Better handling of integer wraparound in the kernel
Better handling of integer wraparound in the kernel
Posted Feb 11, 2024 18:18 UTC (Sun) by Hi-Angel (guest, #110915)In reply to: Better handling of integer wraparound in the kernel by adobriyan
Parent article: Better handling of integer wraparound in the kernel
That's not really fair regarding C. C is an ancient language, which was designed when there was very little understanding in what's good or bad. For example, it is these days that we know that 90% of values inside a function are immutable, so everything should be constant by default with "mutability" being an opt-in. So now that we know that, it is implemented in Rust.
However, if you were a programmer working on this in ≈1989, you wouldn't know about any of this. I think it's fair to presume that C was designed to the best of the knowledge of its time. It's just we know more than the people living back then.
      Posted Feb 11, 2024 18:35 UTC (Sun)
                               by farnz (subscriber, #17727)

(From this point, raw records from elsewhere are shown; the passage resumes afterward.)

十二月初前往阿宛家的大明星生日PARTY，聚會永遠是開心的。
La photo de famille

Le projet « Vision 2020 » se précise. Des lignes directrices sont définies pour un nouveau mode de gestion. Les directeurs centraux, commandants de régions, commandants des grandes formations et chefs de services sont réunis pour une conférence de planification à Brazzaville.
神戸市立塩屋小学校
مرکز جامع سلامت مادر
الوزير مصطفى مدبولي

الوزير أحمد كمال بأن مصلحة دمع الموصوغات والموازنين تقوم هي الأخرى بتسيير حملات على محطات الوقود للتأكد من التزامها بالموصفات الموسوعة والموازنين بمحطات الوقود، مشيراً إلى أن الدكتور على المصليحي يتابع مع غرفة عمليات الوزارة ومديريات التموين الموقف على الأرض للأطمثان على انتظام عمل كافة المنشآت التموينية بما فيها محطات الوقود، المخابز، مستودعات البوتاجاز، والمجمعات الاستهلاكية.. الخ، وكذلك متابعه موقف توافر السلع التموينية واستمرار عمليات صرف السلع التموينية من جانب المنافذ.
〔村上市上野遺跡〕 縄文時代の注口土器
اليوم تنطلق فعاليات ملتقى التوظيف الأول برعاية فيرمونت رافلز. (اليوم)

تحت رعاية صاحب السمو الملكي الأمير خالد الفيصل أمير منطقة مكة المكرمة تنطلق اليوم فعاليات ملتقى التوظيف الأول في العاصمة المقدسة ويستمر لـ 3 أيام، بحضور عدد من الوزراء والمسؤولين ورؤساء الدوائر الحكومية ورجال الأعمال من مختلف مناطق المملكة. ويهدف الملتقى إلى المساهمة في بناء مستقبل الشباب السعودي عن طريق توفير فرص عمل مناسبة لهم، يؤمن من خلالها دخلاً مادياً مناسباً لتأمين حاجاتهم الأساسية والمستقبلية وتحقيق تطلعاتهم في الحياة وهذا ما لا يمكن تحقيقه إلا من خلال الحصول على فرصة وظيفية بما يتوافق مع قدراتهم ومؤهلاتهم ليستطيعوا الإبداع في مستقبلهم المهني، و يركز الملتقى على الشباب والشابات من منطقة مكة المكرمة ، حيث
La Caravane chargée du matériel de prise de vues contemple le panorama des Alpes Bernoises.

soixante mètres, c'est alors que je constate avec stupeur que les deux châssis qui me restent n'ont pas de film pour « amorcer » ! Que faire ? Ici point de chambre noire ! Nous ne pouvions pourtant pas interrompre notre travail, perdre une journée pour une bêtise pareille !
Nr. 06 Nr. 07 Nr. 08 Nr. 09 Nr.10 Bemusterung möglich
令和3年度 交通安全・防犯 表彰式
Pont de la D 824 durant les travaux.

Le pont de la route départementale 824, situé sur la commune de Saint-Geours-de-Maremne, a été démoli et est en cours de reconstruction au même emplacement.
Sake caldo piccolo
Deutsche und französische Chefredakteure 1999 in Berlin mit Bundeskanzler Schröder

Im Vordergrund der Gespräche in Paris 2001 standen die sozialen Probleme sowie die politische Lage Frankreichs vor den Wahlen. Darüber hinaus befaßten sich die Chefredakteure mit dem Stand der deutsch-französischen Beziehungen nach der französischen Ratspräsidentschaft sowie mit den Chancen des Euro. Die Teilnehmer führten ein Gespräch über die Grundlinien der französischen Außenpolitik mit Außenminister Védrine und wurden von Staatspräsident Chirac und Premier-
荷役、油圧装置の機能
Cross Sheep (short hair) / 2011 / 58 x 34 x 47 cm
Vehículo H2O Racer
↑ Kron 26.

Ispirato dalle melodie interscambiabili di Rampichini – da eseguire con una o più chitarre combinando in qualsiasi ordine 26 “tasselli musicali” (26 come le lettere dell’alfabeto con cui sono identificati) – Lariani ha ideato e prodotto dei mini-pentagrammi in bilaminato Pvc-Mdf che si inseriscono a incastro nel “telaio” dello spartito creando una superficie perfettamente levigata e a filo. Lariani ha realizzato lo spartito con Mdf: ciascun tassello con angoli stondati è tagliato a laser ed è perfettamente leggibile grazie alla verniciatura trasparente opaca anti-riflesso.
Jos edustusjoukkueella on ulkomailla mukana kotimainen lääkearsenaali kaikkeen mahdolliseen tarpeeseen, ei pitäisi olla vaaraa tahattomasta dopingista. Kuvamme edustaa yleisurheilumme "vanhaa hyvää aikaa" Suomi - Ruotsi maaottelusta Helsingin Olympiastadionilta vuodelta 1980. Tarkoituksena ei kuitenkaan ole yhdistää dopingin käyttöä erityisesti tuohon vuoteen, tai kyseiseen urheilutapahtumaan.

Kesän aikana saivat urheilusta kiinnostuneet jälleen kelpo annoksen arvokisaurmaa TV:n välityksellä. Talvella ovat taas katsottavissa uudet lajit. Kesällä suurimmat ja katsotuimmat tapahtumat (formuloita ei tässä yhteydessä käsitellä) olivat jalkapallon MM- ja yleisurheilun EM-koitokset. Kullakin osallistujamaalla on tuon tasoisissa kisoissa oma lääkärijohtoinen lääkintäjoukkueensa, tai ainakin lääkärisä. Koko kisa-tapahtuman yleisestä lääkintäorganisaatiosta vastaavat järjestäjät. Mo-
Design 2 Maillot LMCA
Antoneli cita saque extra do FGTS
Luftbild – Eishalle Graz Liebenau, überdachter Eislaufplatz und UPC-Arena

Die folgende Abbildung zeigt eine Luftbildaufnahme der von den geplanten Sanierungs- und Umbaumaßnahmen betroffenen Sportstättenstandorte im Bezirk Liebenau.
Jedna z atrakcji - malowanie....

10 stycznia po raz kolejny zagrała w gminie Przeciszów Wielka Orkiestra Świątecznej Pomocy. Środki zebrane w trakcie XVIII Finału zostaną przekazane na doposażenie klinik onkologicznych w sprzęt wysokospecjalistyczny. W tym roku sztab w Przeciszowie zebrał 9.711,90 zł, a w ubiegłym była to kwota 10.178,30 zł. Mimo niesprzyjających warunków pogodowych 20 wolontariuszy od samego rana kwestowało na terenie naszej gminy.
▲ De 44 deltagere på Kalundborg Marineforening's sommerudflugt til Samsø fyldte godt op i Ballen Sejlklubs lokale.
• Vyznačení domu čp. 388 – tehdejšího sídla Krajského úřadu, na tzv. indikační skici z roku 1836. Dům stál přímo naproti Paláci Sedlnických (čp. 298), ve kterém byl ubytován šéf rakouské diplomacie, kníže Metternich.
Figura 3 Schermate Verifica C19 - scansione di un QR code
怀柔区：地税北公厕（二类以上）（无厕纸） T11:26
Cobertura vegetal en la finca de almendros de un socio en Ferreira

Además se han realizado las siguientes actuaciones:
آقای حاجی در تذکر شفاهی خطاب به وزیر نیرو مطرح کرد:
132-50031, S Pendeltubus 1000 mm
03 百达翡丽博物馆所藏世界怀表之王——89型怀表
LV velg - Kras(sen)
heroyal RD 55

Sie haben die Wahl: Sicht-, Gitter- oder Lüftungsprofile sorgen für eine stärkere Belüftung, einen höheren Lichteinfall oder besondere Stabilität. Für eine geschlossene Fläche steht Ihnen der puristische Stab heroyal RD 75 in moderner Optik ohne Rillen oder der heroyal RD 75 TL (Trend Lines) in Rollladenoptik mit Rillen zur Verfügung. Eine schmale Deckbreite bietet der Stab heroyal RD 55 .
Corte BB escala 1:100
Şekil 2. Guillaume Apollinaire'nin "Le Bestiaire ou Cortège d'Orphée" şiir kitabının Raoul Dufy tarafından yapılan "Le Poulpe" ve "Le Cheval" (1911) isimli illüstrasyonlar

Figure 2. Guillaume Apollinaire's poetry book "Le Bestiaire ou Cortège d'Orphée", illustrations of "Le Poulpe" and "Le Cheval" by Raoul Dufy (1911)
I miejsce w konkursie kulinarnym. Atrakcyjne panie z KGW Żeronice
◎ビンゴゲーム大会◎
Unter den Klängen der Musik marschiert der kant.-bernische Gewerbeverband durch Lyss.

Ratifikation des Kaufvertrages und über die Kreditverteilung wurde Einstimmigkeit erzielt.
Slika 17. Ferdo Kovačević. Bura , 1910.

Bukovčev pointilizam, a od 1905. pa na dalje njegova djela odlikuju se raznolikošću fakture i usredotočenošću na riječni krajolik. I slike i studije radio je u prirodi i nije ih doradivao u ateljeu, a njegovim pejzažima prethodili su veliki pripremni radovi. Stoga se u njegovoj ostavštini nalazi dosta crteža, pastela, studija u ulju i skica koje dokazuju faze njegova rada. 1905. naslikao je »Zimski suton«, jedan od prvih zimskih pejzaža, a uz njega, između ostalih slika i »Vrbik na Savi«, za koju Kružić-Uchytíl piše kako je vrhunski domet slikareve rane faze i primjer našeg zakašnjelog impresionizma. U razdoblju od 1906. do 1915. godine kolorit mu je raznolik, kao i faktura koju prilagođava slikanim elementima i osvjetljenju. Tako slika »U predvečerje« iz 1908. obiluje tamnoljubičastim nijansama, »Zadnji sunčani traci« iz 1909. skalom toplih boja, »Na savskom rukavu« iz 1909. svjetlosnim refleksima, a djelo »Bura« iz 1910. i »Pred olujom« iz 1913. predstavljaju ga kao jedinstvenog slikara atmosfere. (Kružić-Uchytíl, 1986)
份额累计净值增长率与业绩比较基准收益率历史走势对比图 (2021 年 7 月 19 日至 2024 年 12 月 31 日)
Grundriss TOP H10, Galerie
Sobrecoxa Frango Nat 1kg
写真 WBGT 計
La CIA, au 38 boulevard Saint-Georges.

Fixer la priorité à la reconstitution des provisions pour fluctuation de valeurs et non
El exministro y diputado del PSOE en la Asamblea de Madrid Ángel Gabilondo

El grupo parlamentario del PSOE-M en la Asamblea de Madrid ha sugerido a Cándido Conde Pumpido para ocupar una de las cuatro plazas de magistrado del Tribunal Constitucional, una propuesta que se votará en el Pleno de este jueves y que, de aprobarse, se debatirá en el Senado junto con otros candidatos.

                              [Link] 
       Go back a bit from 1989 - C's development starts in 1972, and the first K&R book is 1978. But, as with most languages, C was not cutting-edge for its day; there's nothing in C that wasn't well-understood for the decade or so before development started, and (as you'd expect) some of C's features are things that PL research knew to be bad by 1978.
 This is not exactly surprising; Rust doesn't take much, if anything, from post 1990s research, despite being a 2015 language release whose development started in 2006. At least in part, this happens because most people have seen and agree on the status of older work; newer work relies on people first noticing it, and then pushing it to their development community.